The agreement would require both Honduran- and Costa Rican-based rebels to engage in the cease-fire. Postponing the election until January (the vote was to be Nov. 4) at least partially satisfies the opposition demands for more time to prepare for an election.

2. If there is no cease-fire, the election will be held Nov. 4 and Mr. Cruz will not participate. If the Coordinadora (an alliance of opposition political, labor and private-sector groups) has already registered Cruz as its candidate, Cruz will withdraw his name.

The tentative agreement was reached Monday night between Sandinista directorate member Bayardo Arce Castano and Cruz in Rio de Janeiro at a meeting of the Socialist International.

At time of writing, there was no official Sandinista confirmation of the accord, but Mr. Arce, a member of the ruling Sandinista directorate, presumably was empowered to negotiate a settlement in the government's behalf. The agreement is also subject to the approval of the Coordinadora, which is scheduled to meet next week.

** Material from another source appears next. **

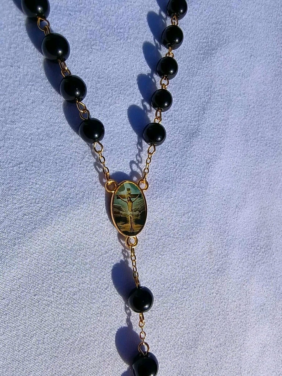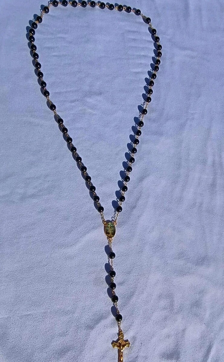 This elegant rosary features glossy 8mm black glass beads hand-linked with gold-tone wire, creating a rich and timeless contrast. The deep ebony beads pair beautifully with the ornate gold crucifix and the Holy Family centerpiece, giving this rosary a strong, classic, and reverent look. Perfect for prayer, devotion, or gifting.

The strength of the agreement also depends on whether rebel contra leaders Adolfo Calero and Eden Pastora Gomez follow through on pledges to cease fire if Cruz takes part in the elections.

Another factor is the position of the Reagan administration, which US congressional sources say exerts a strong influence over the Honduras-based contras and the more conservative wing of the Coordinadora. The administration probably could sabotage the agreement, if it wanted to, sources say. But it is seen as unlikely that the administration would take so hard-line a position.